Глава 25 Что можно увидеть в обычном корыте с помощью «открытой книги»

Я сразу и не понял значение слов князя Гантимурова, и просто коротко поклонился. Но уже в следующее мгновение до меня дошел смысл сказанного, и челюсть у меня отвисла. Хлопая глазами, я еще раз осмотрел иностранца, а затем вопросительно уставился на Петра Андреевича.

— Ваше сиятельство, — сказал я, и даже сам опешил от того, насколько жалобным у меня при этом был голос. — Я простой аспирант, и мне трудно понимать ход мысли магистров, но… Может вы сможете объяснить, что все это означает⁈

Амосов глубоко вздохнул, плечи его высоко поднялись и сразу опустились.

— Это означает ровно то, что ты услышал. Я не знаю с кем ты там встречался в «Зеленой козе», но настоящий Вильгельм Ван-дер-Флит сейчас стоит рядом с тобой. За несколько дней до твоего прибытия в Аухлит он получил письмо, якобы подписанное мной. И якобы я в том письме просил его немедленно выезжать в Санкт-Петербург, по делу, которое не требует отлагательств… Я видел это письмо — почерк не мой, да и подпись явно поддельная. Так что, когда ты явился в Аухлит, настоящего Вильгельма Ван-дер-Флита там уже не было. Судя по твоему виду, сейчас ты видишь его впервые в жизни. Я не ошибся?
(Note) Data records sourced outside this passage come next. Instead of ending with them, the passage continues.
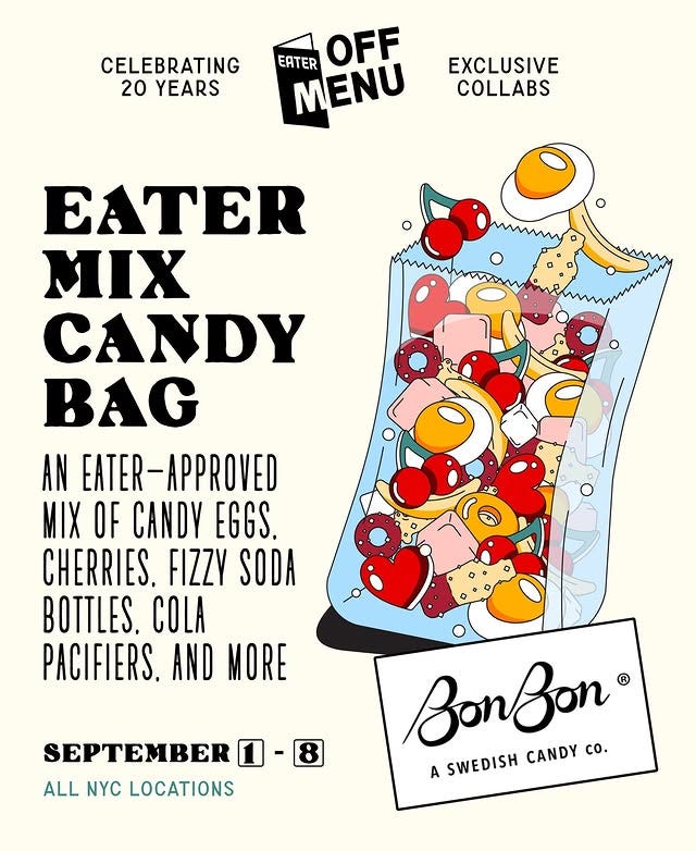 Exclusive Eater Mix Candy Bag Collab @ BonBon (all locations, including Red Hook 66 Degraw St): For their 20th birthday, Eater is running a special collaboration with BonBon featuring an exclusive mix of their favorite food-themed gummies. Party mixes will be available September 1-8.
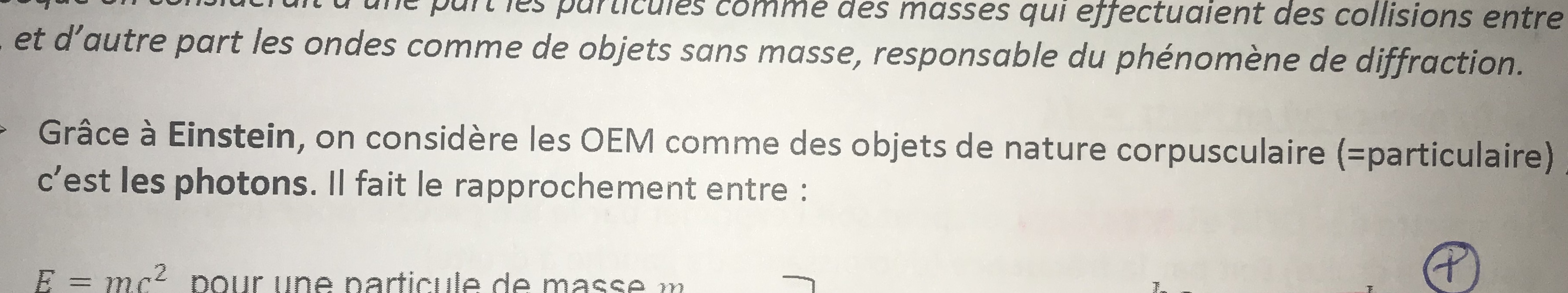 Einstein a consideré une OEM comme un objet de nature corpusculaire = particulaire ( les photons )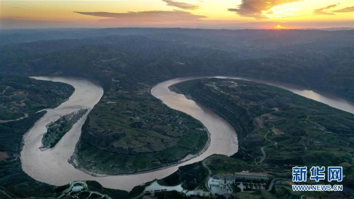 朝霞下的黄河乾坤湾景色(8月14日无人机拍摄)  新华社记者发

— Нет, Петр Андреевич, все точно так, как вы сказали. Я впервые вижу этого господина… — я коротко поклонился иностранцу. — Но если он и есть Ван-дер-Флит, то кто был тот, в «Зеленой козе»?

— А вот это мне и самому хотелось бы знать, Алешка, — отозвался куратор. В голосе его слышалась изрядная доля сожаления. — Ты хотя бы можешь описать, как выглядел тот человек?

— Разумеется! Он такой… такой полный, я бы даже сказал толстый… Щеки надутые, глаза маленькие. Он был полностью лысый, но вот тут, на лбу, — я на себе показал, где именно, — у него торчал рыжий чуб. По этому чубу я догадался, что этот человек и есть Ван-дер-Флит. Вы сами говорили мне, что он рыжий. Рыжий повар из таверны «Зеленая коза»… А он и не возражал!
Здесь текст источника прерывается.